Significantly, any recognition of Bulgaria's role in the Holocaust will open up a plethora of other often uncomfortable questions related to this country's recent past. One of them concerns the Republic of North Macedonia, where the issue of the Bulgarian deportation of Macedonia's Jews is used for latter-day political purposes as vehemently as it is in Bulgaria proper.
Another, and even more controversial, issue would be the Bulgarian People's Court, which was mandated by the Allies after the Second World War ended. It sentenced over 2,000 real and imaginary war criminals to death, by far surpassing the death sentences handed down at the Nuremberg Trials in Germany.
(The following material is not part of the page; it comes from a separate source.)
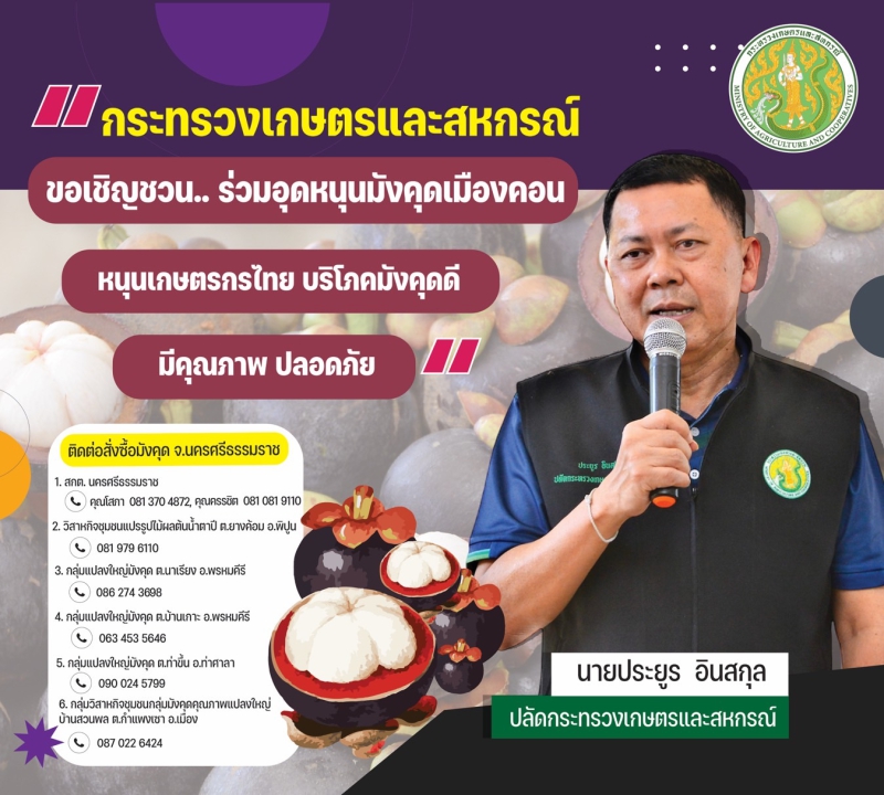 นายประยูร อินสกุล ปลัดกระทรวงเกษตรและสหกรณ์ เป็นประธานการประชุมหารือแนวทางการขยายช่องทางการกระจายผลผลิตมังคุดภาคใต้ที่จะออกสู่ตลาด เน้นการผลิตมังคุดคุณภาพ โดยมี นายสุรเดช สมิเปรม รองปลัดกระทรวงเกษตรและสหกรณ์ นายภัสชญภณ หมื่นแจ้ง รองอธิบดีกรมวิชาการเกษตร นายปณิธาน มีไชยโย ผู้อำนวยองค์การตลาดเพื่อเกษตรกร (อ.ต.ก.) นางสาววิภาวลี วัจจนาภิญโญ นายกสมาคมผู้ประกอบการพืชผักผลไม้ไทย พร้อมด้วยผู้แทนกรมส่งเสริมการเกษตร กรมส่งเสริมสหกรณ์ และผู้แทนหน่วยงานกระทรวงเกษตรและสหกรณ์ในพื้นที่ภาคใต้ (นครศรีธรรมราช สุราษฎร์ธานี ชุมพร ระนอง และสงขลา) เข้าร่วมการประชุม ณ ห้องประชุมองค์การตลาดเพื่อเกษตรกร จตุจักร กรุงเทพฯ และผ่านการประชุมออนไลน์

In the 1990s the anti-Communist SDS, or Union of Democratic Forces, passed a bill to repeal the decisions of the People's Court. A totally new idiom was born. What under Communism was being represented as just punishment for the "national catastrophe" was now seen as an emblem of Communist repression. Those who had been billed "monarcho-fascist" suddenly emerged as the "elite of the nation" whom the Communists "decapitated." Bogdan Filov, the Bulgarian prime minister who enthusiastically supported this country's alliance with Hitler, was fully rehabilitated. His portrait now hangs in the Bulgarian Academy of Sciences, a noted archaeologist. And Aleksandar Belev, the anti-Semitic commissar for Jewish affairs who supervised the transit of Greek, Macedonian and Serbian Jews, is inscribed on a wall in front of the National Palace of Culture designed to commemorate the victims of Communism. He too was a victim...
Saying sorry for the crimes committed during the Second World War, therefore, will mean admitting the mistakes of the post-Communist period as well. And for that Bulgaria is hardly prepared – as long as its president lays flowers at a monument celebrating a monarch who sent 11,343 Jews to the gas chambers.